Obesity and metabolic disease new drug corporations D&D Pharmatech said on the 27th that in the United States it met all key histological endpoints in phase 2 of its investigational new drug candidate for metabolic dysfunction–associated steatohepatitis (MASH), "Zabopegdutide (DD01)."
It simultaneously demonstrated improvement in liver fibrosis and resolution of MASH, and on the news, expectations for technology transfer grew, sending the company's stock to the intraday upper limit.
D&D Pharmatech is participating in the European Association for the Study of the Liver Congress 2026 (EASL Congress 2026), held in Barcelona, Spain, from today through the 30th, and disclosed the 48-week liver biopsy results from the DD01 phase 2 trial.
DD01 is a dual-acting drug that simultaneously targets the glucagon-like peptide-1 (GLP-1) and glucagon receptors.
MASH is a disease previously called nonalcoholic steatohepatitis (NASH). The condition occurs when toxic lipid molecules accumulate in the liver and, over time, cause inflammation and tissue damage. Twenty percent of patients develop cirrhosis, and in severe cases it can lead to liver cancer.
The company said the trial achieved statistical significance across the histological endpoints considered central to developing MASH treatments.
The trial was conducted at 12 sites in the United States in a randomized, double-blind, placebo-controlled design. Sixty-seven overweight or obese patients with a body mass index (BMI) of at least 25 kg/㎡ participated. Among patients with biopsy-confirmed MASH and liver fibrosis (F1–F3) who completed both baseline and week-48 biopsies, efficacy was analyzed in 35 people (19 on placebo, 16 on DD01).
As a result, first, on the "liver fibrosis improvement" endpoint that the U.S. Food and Drug Administration (FDA) regards as critical in approving MASH therapies, half (50%) of patients treated with DD01 showed improvement. The improvement rate in the placebo group was 15.8%. Put simply, about one in two patients on DD01 saw an improvement in liver scarring (fibrosis).

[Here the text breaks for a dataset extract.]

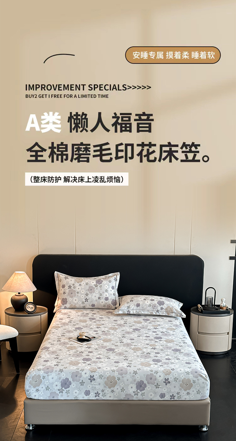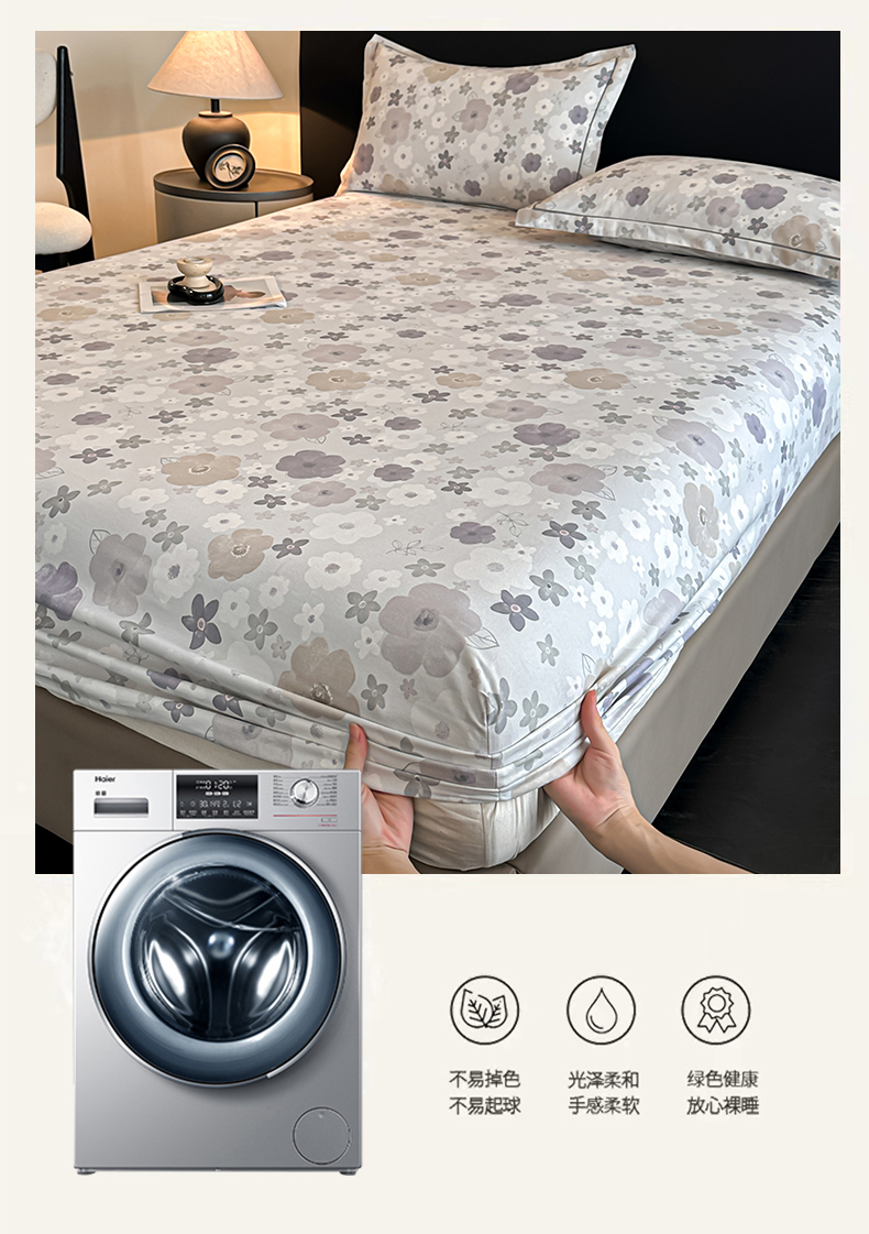 大柏树 2025新款亲肤舒适全棉纯棉磨单床笠 床笠单件 涧菓紫

Another key endpoint, "MASH resolution," was also clear. In 62.5% of the DD01 group, liver inflammation and fat accumulation improved, resulting in MASH resolution. By contrast, only 5.3% in the placebo group showed the same effect. The company said, "Both endpoints delivered statistically meaningful results."
Notably, the proportion of patients who achieved both MASH resolution and a reduction in liver scarring (fibrosis improvement) reached 37.5% in the DD01 group, far higher than in the placebo group (5.3%). The company said this means it not only lowered fatty liver metrics but improved both the disease itself and liver damage.
As obesity drug classes expand into the MASH field, D&D Pharmatech is being credited with demonstrating differentiation through biopsy-based data.
The company said that even with only a two-week dose-escalation period, DD01 showed a treatment discontinuation rate similar to other GLP-1 class therapies that gradually escalate doses over more than 20 weeks.
Improvements were also confirmed in noninvasive markers. The company said the improvements seen at week 12 in MRI-PDFF, which measures liver fat content, and MRE, which assesses liver stiffness, were maintained through week 48. Safety also appeared favorable. The most common adverse events were gastrointestinal symptoms, and most were mild or moderate.
The results are also heightening expectations for global technology transfer. Currently, the only MASH therapy approved by the U.S. FDA is "Rezdiffra," approved in 2024 from Madrigal Pharmaceuticals. With the market in its early stage, competition among major drugmakers to secure pipelines is fierce.
In fact, GSK plc acquired Boston Pharmaceuticals for about $2 billion, and Switzerland's Roche acquired 89bio in a $3.5 billion deal. Novo Nordisk committed $5.2 billion to acquire Akero Therapeutics.
D&D Pharmatech has signed a consulting agreement with major U.S. investment banks (IB) and is in discussions with global pharmaceutical companies for technology transfer and strategic partnering. The company said, "These clinical results will accelerate global discussions."
Mazen Noureddin, who led the trial, said, "It is very encouraging that in less than a year at least a one-stage improvement in liver fibrosis was confirmed in half of the patients," adding, "Given the strong safety profile, it has the potential to become a next-generation treatment option for metabolic liver disease."
Chief Executive Lee Seul-gi of D&D Pharmatech said, "Despite a relatively limited number of patients, we confirmed differentiated histological improvements," and added, "Based on these data, we will actively accelerate global partnering discussions."